I think using NO2 as the example is problematic for several reasons. Like nitric oxide or triplet O2, nitrogen dioxide has a 2c3e bond due to its unpaired electron. However, Lewis structures are unable to correctly show the extra half bond, and averaging the structures gives an incorrectly low estimate of the bond order. Also, there are at least two other important Lewis structures that one can draw. Though charge separation is less favorable, they cannot be neglected when determining the bond order or structure. The bond angle is 134 degrees, which reflects the formation of the extra half-pi-bond, and the hybridization is somewhere between sp2 and sp, while the bond lengths are also shorter than expected. There is no simple way of estimating the bond order in this case (which is somewhere between 1.5 and 2). For these reasons, NO2 is really a pathological example that shows the limits of the Lewis representation. On the other hand, NO2-, nitrite is much more straightforward, and I tentatively chose this example to illustrate the concept. Unfortunately, it's hard to find a neutral example of resonance that is simple enough to give. Alsosaid1987 (talk) 03:17, 12 May 2018 (UTC)[reply]

@Dirac66:@DMacks:@Alsosaid1987: It has come to my attention that this article seems to be struggling a lot to explain that resonance structures do not exist but the resonance hybrid does (the very long introduction and repeated assertions in the article is testament to this). It has also occurred to me that nowhere in this article, except the valence bond (ie quantum mechanics) part explains what resonance truly is. Could I suggest an overhaul of this article in that we introduce in the outset that resonance is basically the equivalent of linear combination of atomic orbitals in Valence Bond theory, where the actual molecular wavefunction is a weighted sum of individual resonance structures just like molecular orbitals are a weighted sum of individual atomic orbitals (the analogy goes quite far in fact. We can even take antisymmetric, ie. antibonding, combinations of resonance structures to attain excited states etc).

I'm putting the above as an idea, not sure how to better write this article to be both concise and succinct. From reading this talk page it appears the writing of this article being problematic goes back some time. Opinions?--Officer781 (talk) 14:19, 19 January 2019 (UTC)[reply]
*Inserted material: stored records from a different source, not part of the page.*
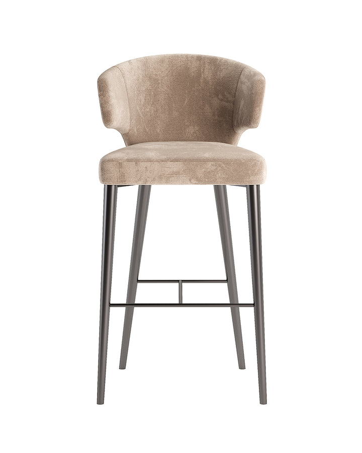 The ARVANA Bar Chair redefines elegance through gentle curves and refined textures. Its semi-circular backrest and soft velvet upholstery rest upon slim metal legs that provide both balance and grace. Designed to blend comfort with a sculptural silhouette, ARVANA is the embodiment of contemporary luxury for sophisticated kitchen and bar interiors.
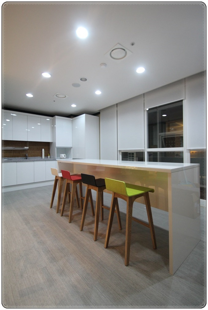 조명은 매입형 조명으로 시공해 깔끔하면서 화사한 공간으로 인테리어 했고 바닥은 청소하기 편하고 오염에 강한 데코타일로 마감했습니다. 팁을 하나 드리자면 전체적으로 화이트로 마감을 하면 깔끔하고 화사한 느낌은 있지만 지루할 수 있는데 이번 현장처럼 한 쪽 면은 다른 색이나 질감의 벽지를 사용하고 가구에 컬러를 활용하면 포인트가 될 수 있으니 활용해 보세요.
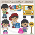 This collection includes adorable school girls and boys, school books, a red apple, a pencil, backpacks, a "Bus Stop" sign, a school bus and driver, and one "School Is Cool" word art graphic. This set contains 7 graphics.
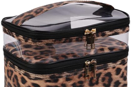 Double-layer Cosmetic Bag Makeup Bag Travel Makeup Bag Makeup Bags for Women Cosmetics Cases Portable Waterproof Foldable (Leopard)
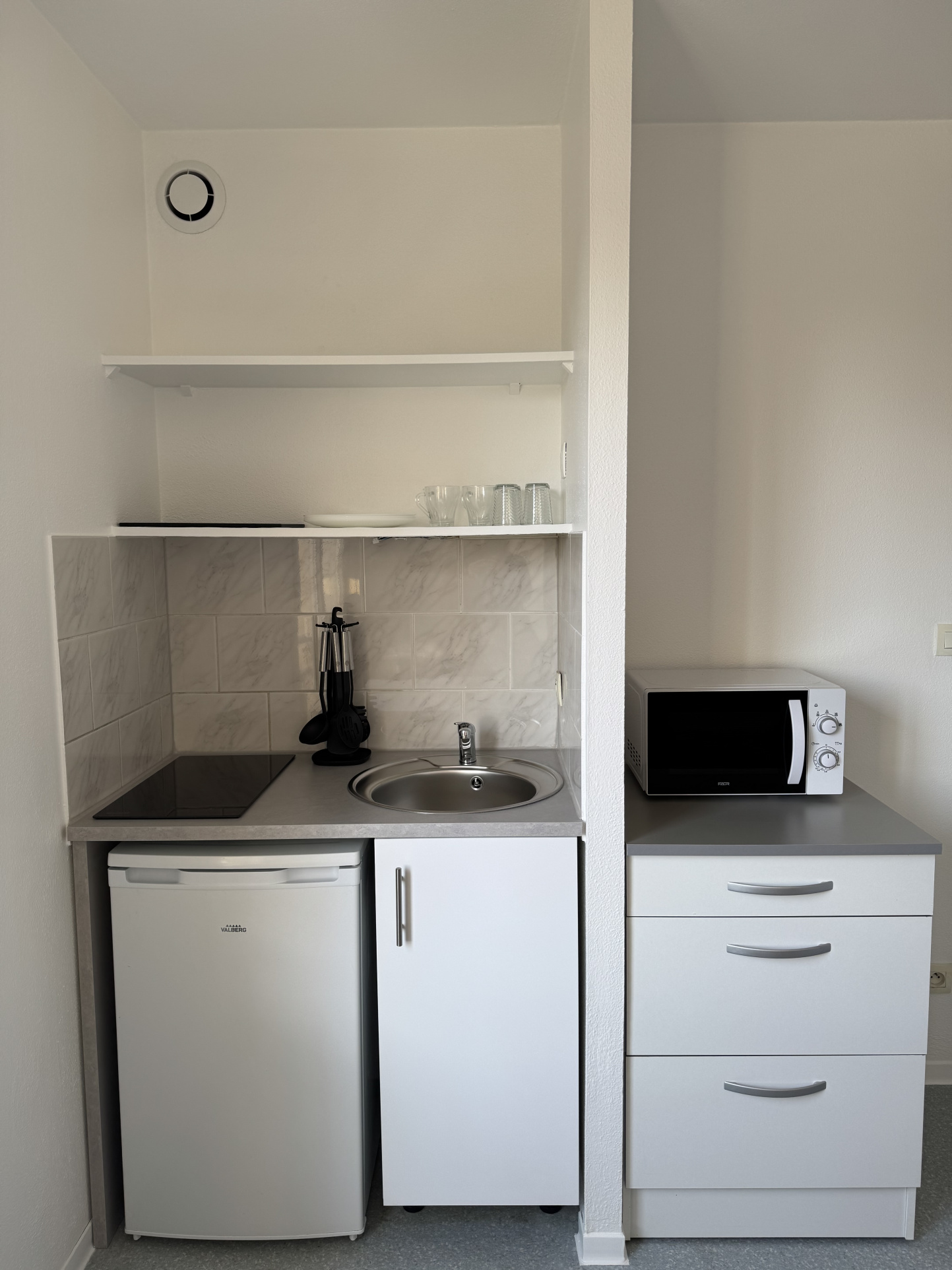 - Une pièce de vie de 12m2 avec kitchenette équipée
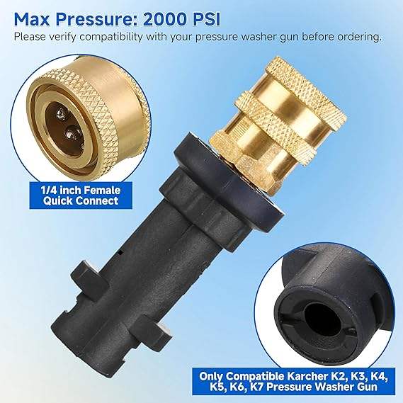 Adaptateur de nettoyeur haute pression raccord en laiton avec 5 buses de pulvérisation 1/4 adaptateur de pistolet rapide
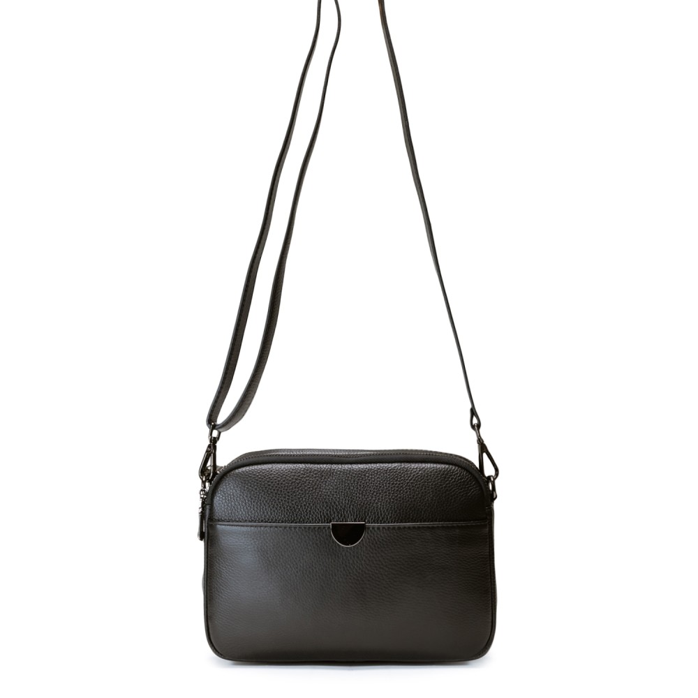 Чорна шкіряна середня жіноча сумка

In principle, I agree. Essentially, resonance is taking linear combos of canonical structures, rather than taking linear combos of AO's in MO theory. But this may be tricky. I think this should be done if a relatively simple concrete example can be given. Ideally, this example should make clear that the true wavefunction \Psi is equal to \sum c_i\Psi_i, in which each \Psi_i corresponds to a canonical form. There needs to be some explanation of how that correspondence is made, as well as rules or at least some intuition for how to handle the contributors. (To give a completely rigorous introduction, one might need to start with the Heitler-London model for the bonding of H2, and rules for dealing with spin will also be introduced, but that seems impractical for this article.) The problem with VB theory is that, done correctly and rigorously, the rules are actually more complicated than the rules of MO theory. That's why, from a pedagogical point of view, VB is taught to undergrads in terms of qualitative heuristics for Lewis structures (and resulting in some phenomena that aren't adequately explained, like triplet O2 or aromaticity), while MO theory is relatively easy to teach in a semi-quantitative manner as a "more correct" theory than VB. Shaik and Hiberty wrote a very interesting review that both theories when fully implemented are correct and actually quite similar, but that they handle ionic contributions to bonding differently. The theories converge to each other when all approximations are taken away. Alsosaid1987 (talk) 15:52, 19 January 2019 (UTC)[reply]

If it's not already clear, I'm an experimentalist by training (though with a decent undergrad to beginning grad level pure math background), and I don't consider my background in theory to be strong enough to write an intro that is simultaneously clear, concise, rigorous, and introductory. Most of the intro is currently my writing, but I have no objections to others revamping it on a more rigorous theoretical basis. Alsosaid1987 (talk) 00:13, 20 January 2019 (UTC)[reply]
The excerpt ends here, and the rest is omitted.